═══ Data ═══

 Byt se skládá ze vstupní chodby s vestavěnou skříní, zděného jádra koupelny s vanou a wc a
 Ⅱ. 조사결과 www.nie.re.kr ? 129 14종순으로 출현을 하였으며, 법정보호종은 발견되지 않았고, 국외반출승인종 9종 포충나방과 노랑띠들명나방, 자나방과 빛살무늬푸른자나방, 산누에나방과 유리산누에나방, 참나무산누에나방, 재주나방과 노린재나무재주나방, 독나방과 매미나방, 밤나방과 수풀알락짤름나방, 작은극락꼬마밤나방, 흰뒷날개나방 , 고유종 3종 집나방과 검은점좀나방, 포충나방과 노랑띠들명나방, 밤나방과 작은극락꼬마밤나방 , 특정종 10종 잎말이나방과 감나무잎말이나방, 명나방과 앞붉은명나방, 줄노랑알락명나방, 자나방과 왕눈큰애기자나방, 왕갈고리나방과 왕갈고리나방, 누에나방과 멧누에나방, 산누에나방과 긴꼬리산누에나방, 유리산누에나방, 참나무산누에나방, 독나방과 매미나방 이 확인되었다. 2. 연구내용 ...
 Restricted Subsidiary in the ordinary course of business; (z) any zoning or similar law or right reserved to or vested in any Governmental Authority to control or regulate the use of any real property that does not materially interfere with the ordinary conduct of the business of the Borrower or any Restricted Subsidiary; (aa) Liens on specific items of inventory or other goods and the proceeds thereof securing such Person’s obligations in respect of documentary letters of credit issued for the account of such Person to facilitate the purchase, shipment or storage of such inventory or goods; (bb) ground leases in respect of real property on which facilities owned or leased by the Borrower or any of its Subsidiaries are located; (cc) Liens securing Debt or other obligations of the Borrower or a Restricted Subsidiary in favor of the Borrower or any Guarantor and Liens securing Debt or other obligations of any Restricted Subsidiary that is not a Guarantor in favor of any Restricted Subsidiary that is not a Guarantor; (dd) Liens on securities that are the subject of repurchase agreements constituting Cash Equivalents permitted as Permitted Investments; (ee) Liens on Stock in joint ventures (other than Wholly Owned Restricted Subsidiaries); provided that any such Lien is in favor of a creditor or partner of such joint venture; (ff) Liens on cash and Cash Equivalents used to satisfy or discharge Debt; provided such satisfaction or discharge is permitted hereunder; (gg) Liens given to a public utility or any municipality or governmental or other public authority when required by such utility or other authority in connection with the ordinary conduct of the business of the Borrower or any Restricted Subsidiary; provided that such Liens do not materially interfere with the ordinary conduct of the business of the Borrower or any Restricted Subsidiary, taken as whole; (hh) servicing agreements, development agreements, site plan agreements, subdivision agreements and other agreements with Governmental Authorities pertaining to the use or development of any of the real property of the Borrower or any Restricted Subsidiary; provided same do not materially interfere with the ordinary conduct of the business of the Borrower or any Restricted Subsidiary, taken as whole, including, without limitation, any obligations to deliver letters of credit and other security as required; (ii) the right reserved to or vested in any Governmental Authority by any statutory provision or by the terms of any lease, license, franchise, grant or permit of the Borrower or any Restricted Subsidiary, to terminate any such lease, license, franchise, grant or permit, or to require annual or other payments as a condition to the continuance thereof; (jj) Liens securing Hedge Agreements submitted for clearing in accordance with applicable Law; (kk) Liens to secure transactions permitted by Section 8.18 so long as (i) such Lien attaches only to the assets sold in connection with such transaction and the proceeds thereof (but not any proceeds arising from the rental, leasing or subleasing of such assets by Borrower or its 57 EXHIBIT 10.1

═══
═══ Data ═══

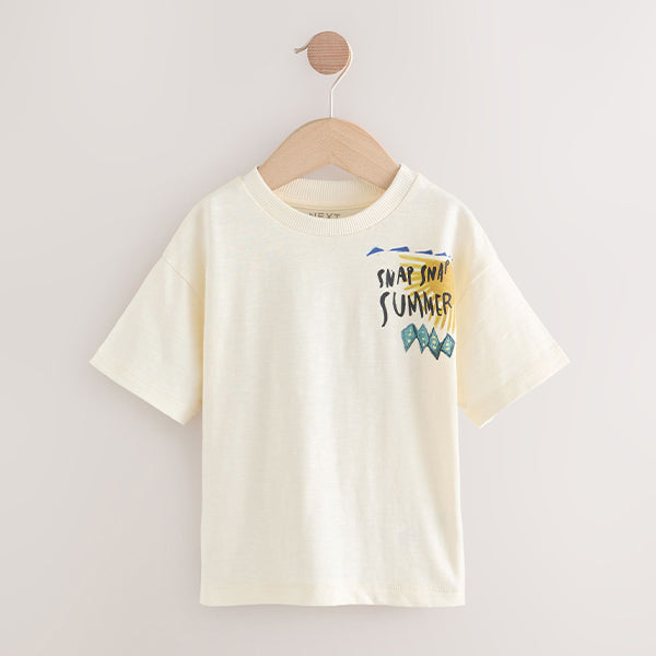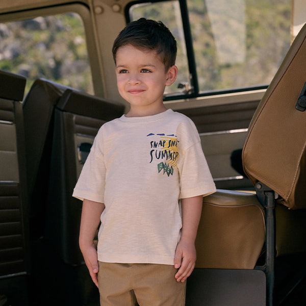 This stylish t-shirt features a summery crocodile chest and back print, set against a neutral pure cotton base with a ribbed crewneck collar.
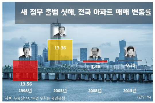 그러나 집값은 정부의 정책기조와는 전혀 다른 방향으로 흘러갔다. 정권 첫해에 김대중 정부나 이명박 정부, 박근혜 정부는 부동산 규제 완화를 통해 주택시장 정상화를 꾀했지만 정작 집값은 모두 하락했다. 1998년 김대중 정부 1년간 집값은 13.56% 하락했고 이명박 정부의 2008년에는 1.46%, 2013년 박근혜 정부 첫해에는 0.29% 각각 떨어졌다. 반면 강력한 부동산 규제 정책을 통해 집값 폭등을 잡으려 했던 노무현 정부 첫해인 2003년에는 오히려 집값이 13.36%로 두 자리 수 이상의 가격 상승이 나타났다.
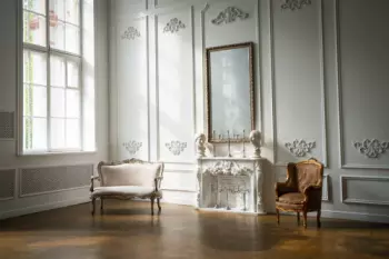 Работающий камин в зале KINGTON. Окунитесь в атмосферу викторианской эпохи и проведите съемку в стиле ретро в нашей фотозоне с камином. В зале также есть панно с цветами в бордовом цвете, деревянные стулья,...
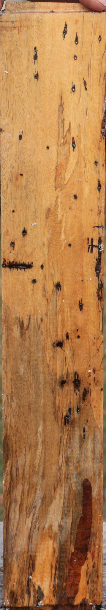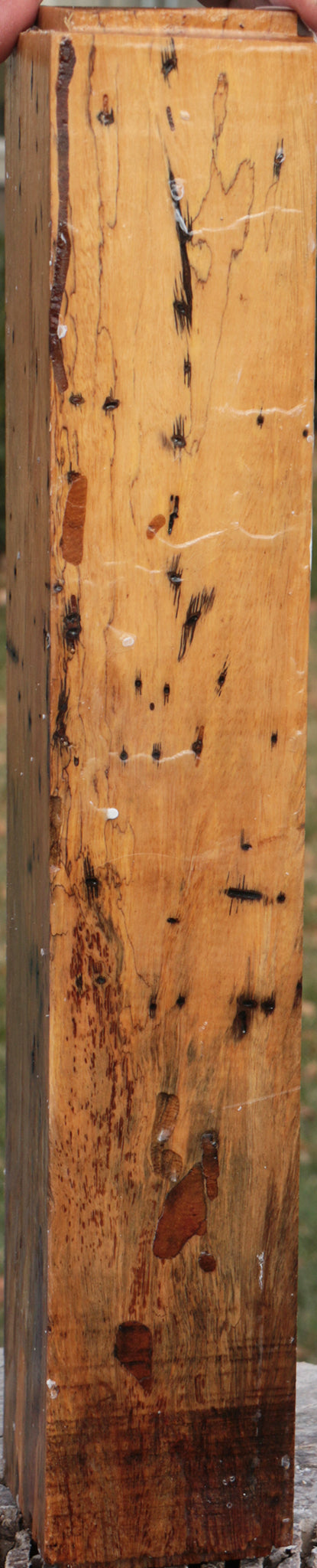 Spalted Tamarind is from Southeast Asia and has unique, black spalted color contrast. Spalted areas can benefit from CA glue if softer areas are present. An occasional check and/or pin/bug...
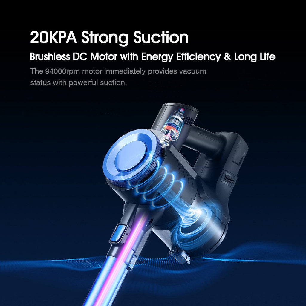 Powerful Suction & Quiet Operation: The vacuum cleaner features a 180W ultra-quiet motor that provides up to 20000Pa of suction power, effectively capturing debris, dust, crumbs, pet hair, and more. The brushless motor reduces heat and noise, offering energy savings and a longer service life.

═══
═══ Data ═══

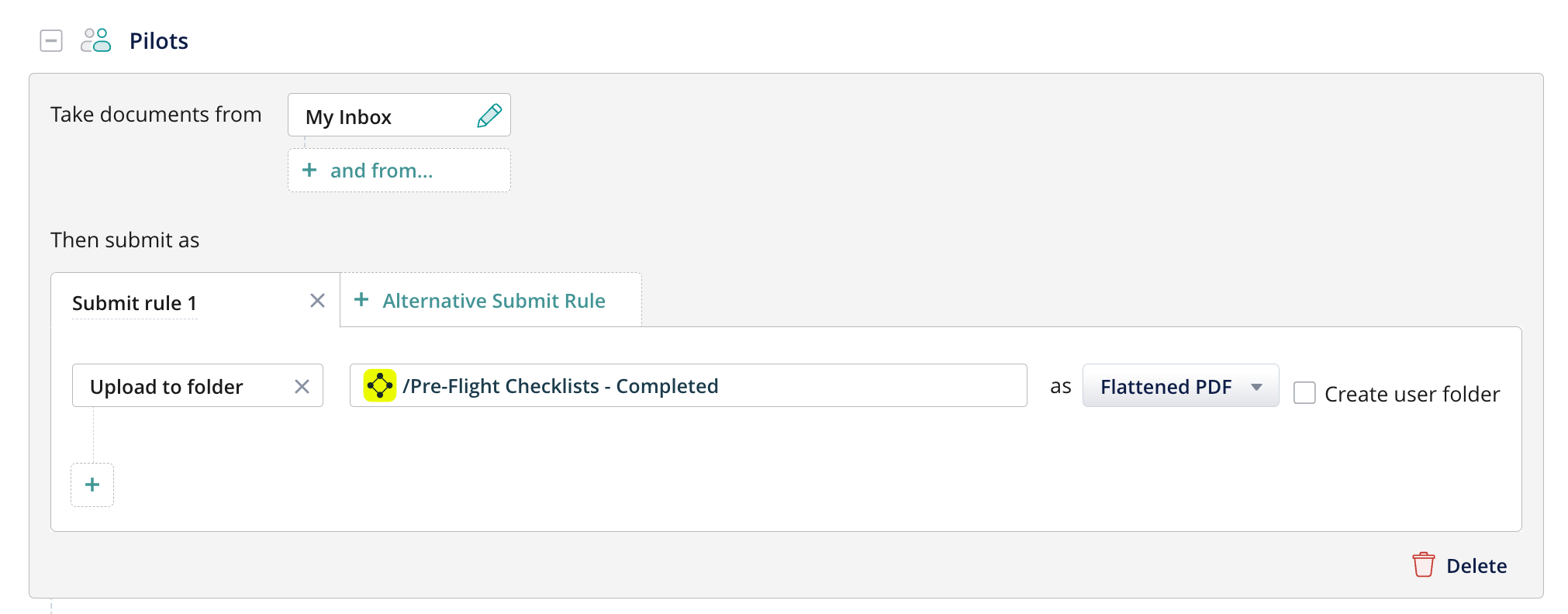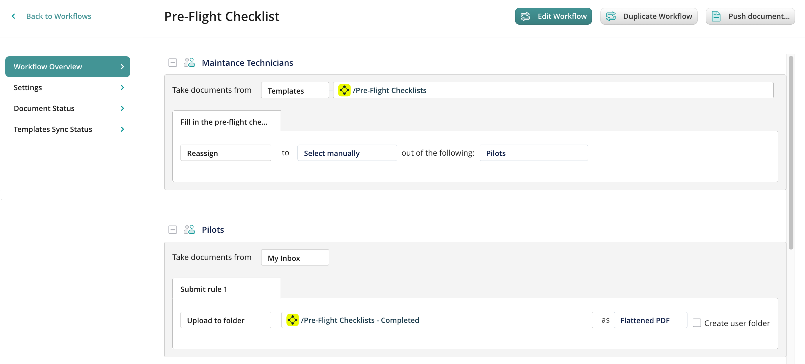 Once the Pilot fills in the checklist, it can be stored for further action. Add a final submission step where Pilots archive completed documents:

═══

- What is required
Return, exactly as they stand, the lines above from the one with "Spalted Tamarind is" to the one with "Powerful Suction &", omitting any pictures among them.

- Problem solution
 Spalted Tamarind is from Southeast Asia and has unique, black spalted color contrast. Spalted areas can benefit from CA glue if softer areas are present. An occasional check and/or pin/bug...
 Powerful Suction & Quiet Operation: The vacuum cleaner features a 180W ultra-quiet motor that provides up to 20000Pa of suction power, effectively capturing debris, dust, crumbs, pet hair, and more. The brushless motor reduces heat and noise, offering energy savings and a longer service life.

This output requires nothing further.